Tailoring Pt valence states in TiO2 thin-film photocatalysts for efficient and durable ammonia-to-N2 conversion

Abstract

A platinum-loaded TiO2 thin-film photocatalyst was synthesized via the sol-gel method and applied for the selective catalytic oxidation (photo-SCO) of ammonia to nitrogen under UV irradiation. The catalytic performance was strongly influenced by both the Ti content in the sol and the Pt incorporation method. Increasing Ti loading enhanced the formation of the anatase phase, which promoted higher photocatalytic activity. Two Pt deposition methods were evaluated: UV-assisted photodeposition (M1) and direct addition into the TiO2 sol (M2). Among these, the M2 method enabled precise control of Pt loading, simplified the preparation process, and significantly reduced the amount of Pt required while maintaining excellent N2 selectivity. The catalytic activity and durability were further optimized through thermal treatment in various atmospheres.
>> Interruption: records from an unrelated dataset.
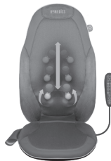
Подвижный механизм 2 в 1 для массажа шиатцу с гелем Gel

ПРОГРАММЫ РОЛИКОВОГО МАССАЖА – Выберите одну из 3 стандартных программ роликового массажа. Массажный блок будет перемещаться вверх-вниз в пределах определенной области спины. Для выбора программы нажмите кнопку. Загорится соответствующий светодиод. Для отмены выбора нажмите ту же или другую кнопку.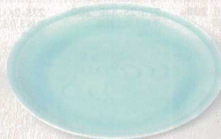
青白磁友禅彫丸 276-6-56E 17,000円 11.0皿 34.6×4cm 276-7-56E 12,400円 10.0皿 30.5×4.7cm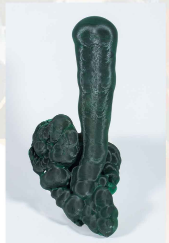
Malaquita - Mina Shilu, CHINA 16.5 x 8.5 cm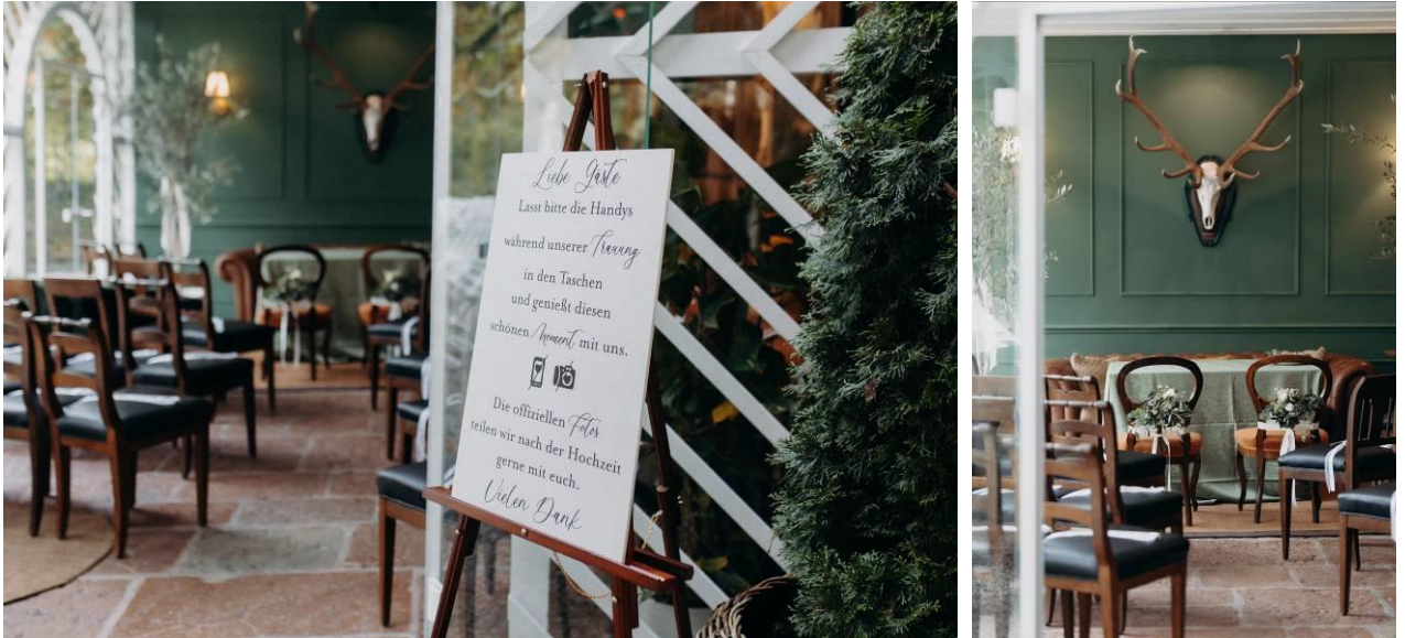
Standesamtliche Trauung im Salettl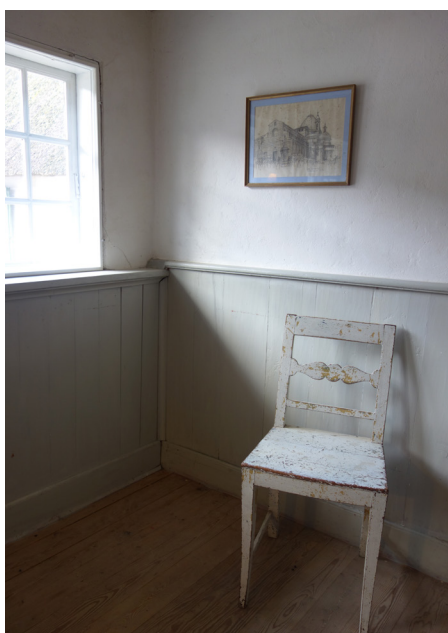
Et interiør som dette med pudsede vægge, der er limfarvede, med limfarvede trælofter og sæbeskurede gulve samt linoliemalet træværk har gode fugtmæssige egenskaber, da overskydende fugt ikke kondenserer (bliver til vand) på overfladerne og risikerer at danne skimmelvækst. I stedet opsuges fugten af de porøse materialer.

bedst muligt, men for både fredede og bevaringsværdige bygninger må dette ske med hensyntagen til bygningens bærende bevaringsværdier.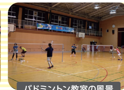
バドミントン教室の風景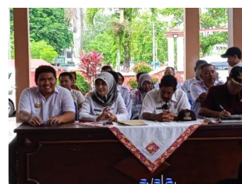
Musrenbang ( Musyawarah Perencanaan Pembangunan)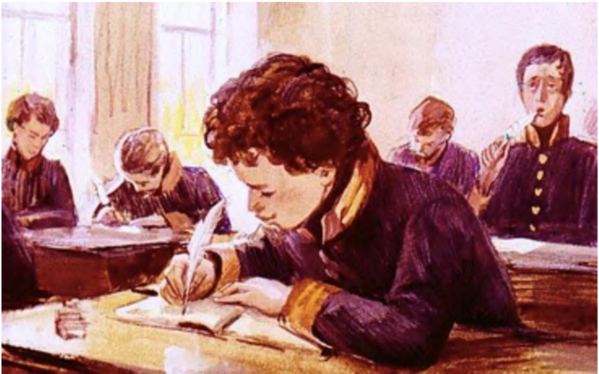
Александр Пушкин в лицее

Ведущий: В лицее использовалась абсолютно новая, можно сказать, революционная система обучения. Тридцать первых учеников-мальчиков были выходцами из дворян, для их обучения привлекли молодых, высокообразованных педагогов. Атмосфера в учебном заведении была очень свободной и дружеской, отсутствовали телесные наказания, что до этого никогда не практиковалось в школах.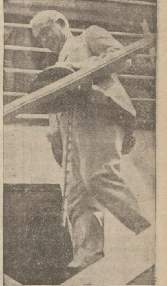
İsmet Paşa Hazretleri bir seyyahatleri esnasında

Geceyi vapurda geçiren Başvekil (Devami 6 ncı sahifede)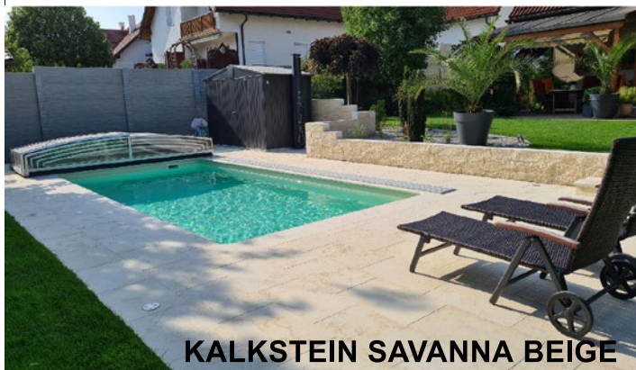
KALKSTEIN SAVANNA BEIGE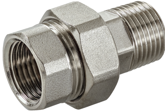
Kuva voi poiketa tuotteesta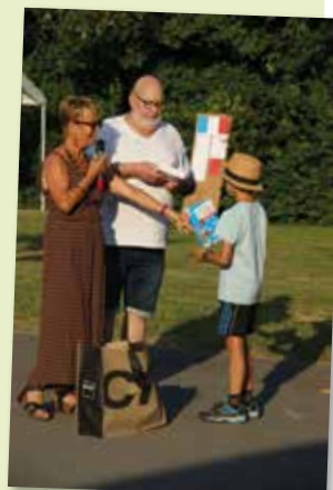
6 juillet - Remise des Livres pour les CM2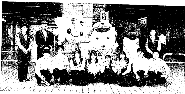
痴漢被害防止キャンペーン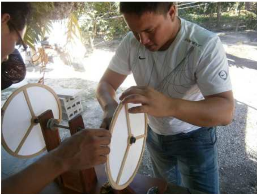
Segundo cambio del montaje con los discos huecos de madera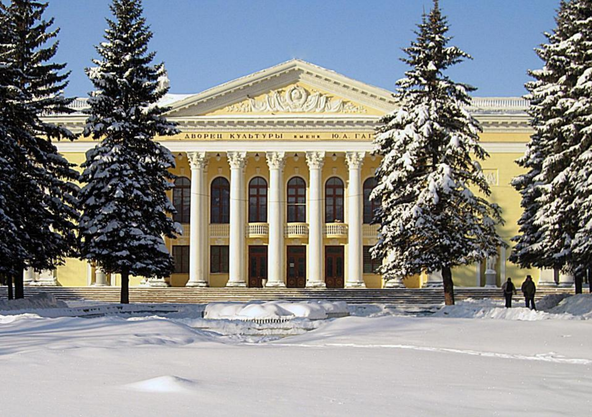
* Дворец культуры им. Ю.А. Гагарина.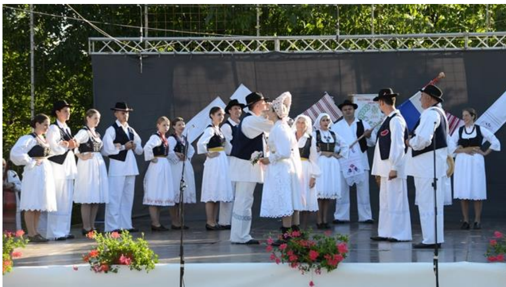
Slika 5.2. Prikaz svatovskih običaja (KUD „Lipovac“ Generalski Stol)

Svatovi su nešto drugačiji. Obitelji koje drže do tradicije svatove barem djelomično održavaju kao nekada, a one obitelji koje ne drže do tradicije, u svatovima imaju samo jednu tradicijsku scenu, a to je kićenje barjaka i barjaktara . KUD „Lipovac“ je 2015. godine prvi puta priredio i izveo glazbeno-scenski prikaz tradicijskog običaja svatova u Generalskome Stolu.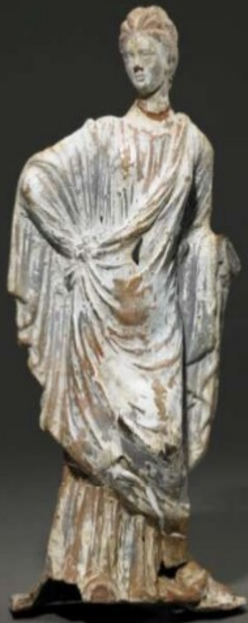
Soška ženy v řeckém oděvu, Babylón, 3. stol. Př. L.

A 50 vol% O2 atmosphere promoted the formation of higher-valent Pt species, which were positively correlated with NH3 removal efficiency, N2 yield, and long-term stability. The Pt-Ti catalyst prepared via the M2 route and calcined in 50 vol% O2 exhibited over 95 % N2 yield for 100 h, despite using approximately 1/50 the Pt content compared to M1. Mechanistically, Lewis acid sites on the catalyst surface were identified as the active centers for ammonia activation and selective oxidation to nitrogen. In contrast, the generation of Br & Oslash;nsted acid sites during prolonged operation led to catalyst deactivation. These findings demonstrate a rational design strategy for highly efficient and durable photo-SCO catalysts using minimal noble metal content.